270 | 42,500 | 137,700 | 3.64 | ↑ | 42,500 | 137,700 | 8.13 | ↑ | 42,500 | 137,700 | 11.50 | ↑ |

Total Degree Scale Effort | 545,000 | 437,550 | ~ | ~ | 657,500 | 470,540 | ~ | ~ | 690,000 | 482,280 | ~ | ~ |

Total Arcmin Scale Effort | 455,000 | 425,170 | 0.37 | ~ | 342,500 | 320,050 | 0.95 | ~ | 310,000 | 289,680 | 1.41 | ~ |

Total Effort | 1,000,000 | 862,720 | ~ | ~ | 1,000,000 | 790,590 | ~ | ~ | 1,000,000 | 771,960 | ~ | ~ |

In this section, I use fully descriptive BPCM's (more details about the treatment of noise and signal in the formation of the BPCM can be found in Section 1 of this posting) as inputs to the Fisher Forecasting framework (described in Sections 1 and 2 of the same posting linked above). However, the \(N_l\) files above should be compatible with the used BPCM's.

- The Fisher matrix I'm considering is 8-dimensional. The 8 parameters we are constraining are: {\(r, A_{dust}, \beta_{dust}, \alpha_{dust}, A_{sync}, \beta_{sync}, \alpha_{sync}, \epsilon\)}. Where \(\beta_{dust}\) and \(\beta_{sync}\) have Gaussian priors of \(0.11, 0.30\), and the rest have flat priors. For a more detailed description of the parameters used in the model, see the "Multicomponent Model" subsection in Section 1 of the posting linked above.
- The Fiducial Model for the Fisher forecasting is centered at either \(r\) of 0 or 0.01, with \(A_{dust,l=80}^{\nu=353} = 4.25\) (best-fit value from BK14) and \(A_{sync, l=80}^{\nu=23}=3.8\) (95% upper limit from BK14). The spatial and frequency spectral indeces are centered at \(\beta_{dust}=1.59, \beta_{sync}=-3.10, \alpha_{dust}=-0.42, \alpha_{sync}=-0.6\), and the dust/sync correlation is centered at \(\epsilon=0\).
- For an illustration of the full dimensionality and the degeneracies of the Fisher matrix being constrained in this implementation, see this Fisher ellipse plot for the \(r=0\), \(f_{sky}=0.01\) case.
- As one scales \(f_{sky}\) up, there are of course a number of caveats to keep in mind for this implimentation, all of which are described in a bullet-point list in the preamble to Figure 3 of the above posting.

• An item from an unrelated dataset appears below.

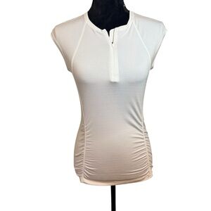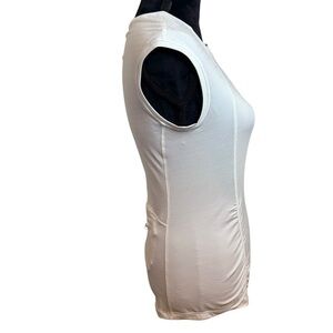 Experience the perfect blend of style and comfort with this white tank top from Athleta, featuring a fitted silhouette and elegant ruched detailing. Its sleeveless design and smooth fabric make it a versatile addition to any wardrobe, ideal for layering or wearing on its own.

\(f_{sky}=0.01\) | \(f_{sky}=0.05\) | \(f_{sky}=0.10\) | |
---|---|---|---|

\(\sigma_r(r=0), \times 10^{-4}\) | 5.52 | 8.06 | 9.51 |

\(\sigma_r(r=0.01), \times 10^{-3}\) | 1.85 | 1.44 | 1.42 |

It is worth noting that this framework has been validated against simulations at the BKP and BK14 noise-levels, and further development is in progress to perform validations with map-level simulations of skies with various degrees of complexity, provided by groups such as Jo/Ben/David or Ghosh/Aumont/Boulanger.